That what had happened to Thomas Boone at the Battle of Blue Licks and, thereafter, was important to this line is evident by the fact that the name Thomas is often utilized for successive generations. Cottrell has written in his History of Pioneer Kentucky, “In the thoughts of pioneer Kentuckians the battle of Lower Blue Licks was the most portentous thing of their lives....”  p. 193.  Thomas Boone had two nieces, Nancy and Hannah Jones, by his sister, Rebeckah Boone (Mrs. Roger) Jones.  Nancy had a son, Thomas Franklin Barker, whose first child/son was named William Thomas Barker (the author’s great grandfather).  William Thomas Barker’s second son was John Thomas Barker and his cousin  was Thomas Love Barker.
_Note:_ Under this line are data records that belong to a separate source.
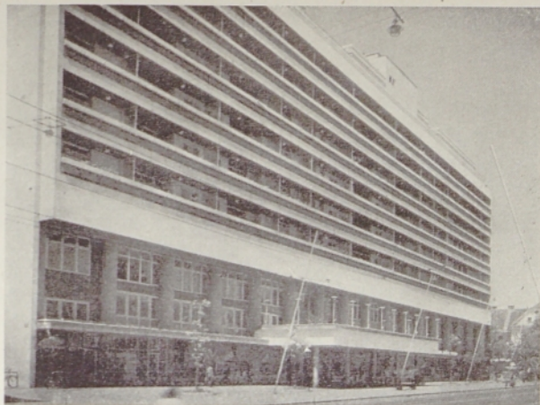
Teje moderni novi palači na Titovi cesti Ljubljančani hudomušno pravijo »kozolec«. Ali mu je res podobna?

Zelo se je povečalo tudi število zdravstvenih ustanov in ambulanz. Zgrajena je bila nova Cen-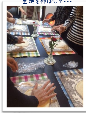
生地を伸ばして・・・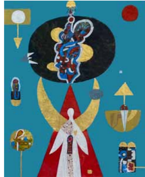
Lona VERLICH Moj angel

mešana tehnika na kartonu, 2020, 55 x 46 cm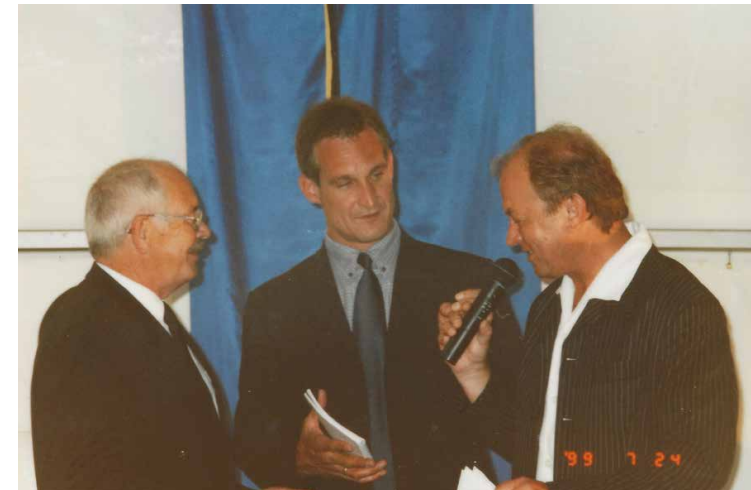
Feier des 25-Jahr-Jubiläums 1999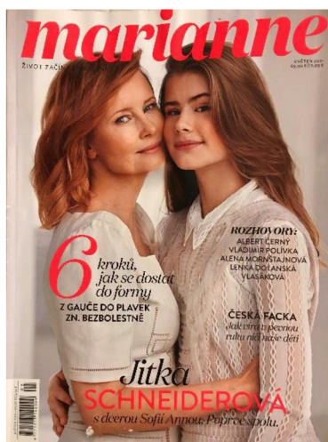
Obrázek 6: Květnová obálka časopisu Marianne.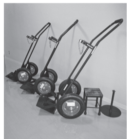
太田産業技術専門校溶接クラフト科卒業製作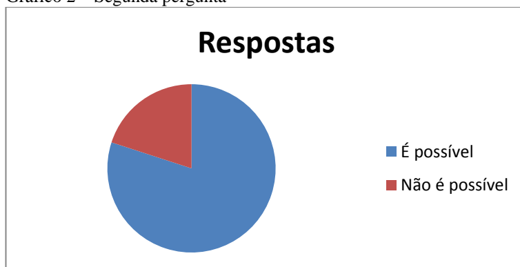
Gráfico 2 – Segunda pergunta

Contudo, aqueles que responderam negativamente afirmaram que não seria possível pelo estado emocional do homem ou que mesmo com o uso da prostaglandina, indutor da ereção, é preciso que haja estímulo porque durante o estresse pelo qual passa o homem, no momento de tensão, faz com que a droga fique pouco tempo dentro do vaso cavernoso em virtude da liberação de adrenalina pelo organismo.

The tradition has extended into current generations.

           According to long held Samuel Boone family tradition, the two Boone Station Blue Licks casualty bodies Rachel Scholl Denton said had been  returned to Boone Station  for a nearby-to-the-homestead burial were the Indian-slain remains of Israel Boone, son of Daniel and Rebecca Boone, and Israel’s cousin, Thomas Boone, son of Samuel and Sarah Day Boone.  At the time of the Blue Licks battle Boone Station was the home of Israel’s parents, Daniel and Rebecca Bryan Boone and of Thomas’s parents, Samuel and Sarah Day Boone.  (See separate article by this author on burial traditions for Indian-slain pioneers killed while away from their frontier homes.  See also separate article re: the body retrievals of Israel and Thomas Boone.)
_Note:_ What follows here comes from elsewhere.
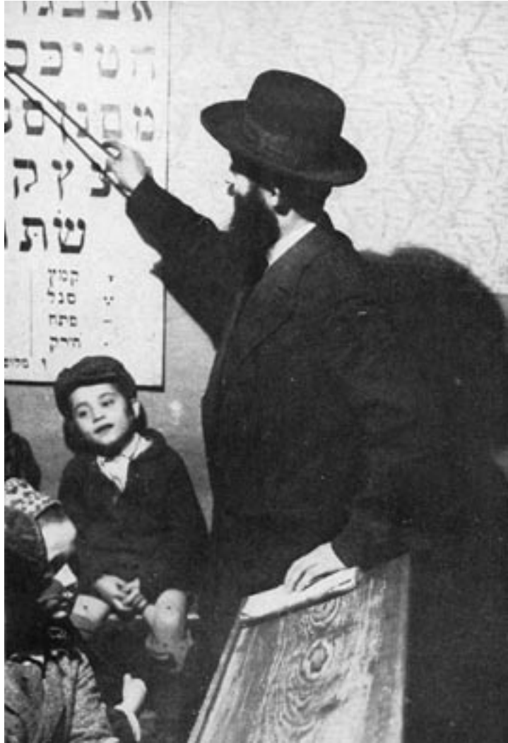
אַ רבי לערנט אין חדר - בילד פֿון ראַמאַן ווישניאַק D.R.

אַז איר וועט, קינדער, דעם גלות שלעפֿן 12 , אויסגעמוטשעט 13 זײַן, זאָלט איר פֿון די אותיות כּוח שפּען 14 , קוקט אין זיי אַרײַן !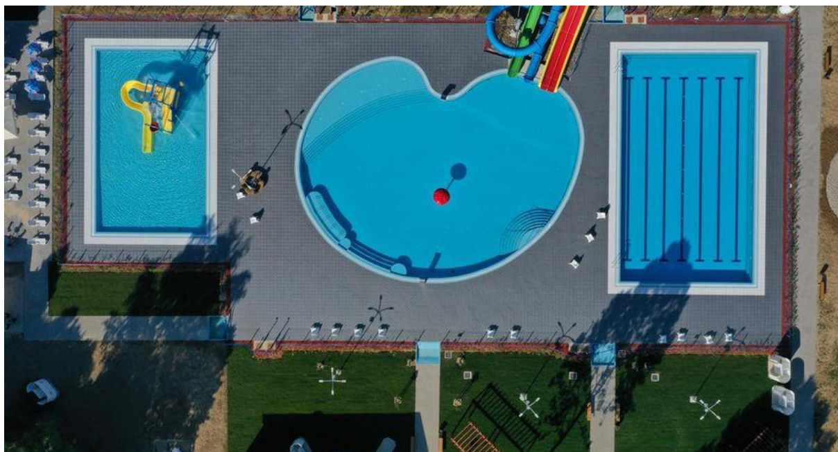
Slika 7. Pogled na gradske bazene u Belom Manastiru iz zraka

Many  Believe Israel and Thomas Boone are Buried at Boone Station.

          Many have thought or known that the Blue Licks casualty Boone cousins, Israel and Thomas Boone, were buried at Boone Station.

                              The Pioneer National Monument Act

On June 18, 1934 the “Act of Congress Creating the Pioneer National Monument” was passed.[7]  Within the June 18, 1934 passed  “Act of Congress Creating the Pioneer National Monument,” Boone Station is described as being the place “whence Daniel Boone...buried his son [Israel] and nephew [Thomas], who fell at the Battle of Blue Licks...” [8]

                         Dr. J. T. Dorris, EKU History Professor

On March 4, 1955, Dr. J. T. Dorris,  Pioneer National Monument Commission member and history professor at Eastern Kentucky University, wrote to fellow Commission member,  Tom Wallace.   Within that letter Dr. Dorris  acknowledged the historical value of Boone Station when he explained, “ Boone’s Station is indeed a valuable historical site.  Israel Boone, Daniel’s second son killed at Blue Licks, Daniel’s youngest brother, Edward, and Samuel Boone, [and] a nephew of Boone, are buried at Boone’s Station.”[9]

                                  C. Frank Dunn, Historian

           In a Lexington Herald Newspaper article of July 1933 noted Kentucky Historian C. Frank Dunn wrote that then-Senator Alben W. Barkley had agreed to direct the Congressional enactment to establish as a  national park  “...Athens in Fayette County, where Boone’s Station was located and where today remain the rude limestone slabs[10] erected by the scout himself [Daniel Boone] over the graves of his son...and nephew.... both of whom fell at Blue Licks.”[11] 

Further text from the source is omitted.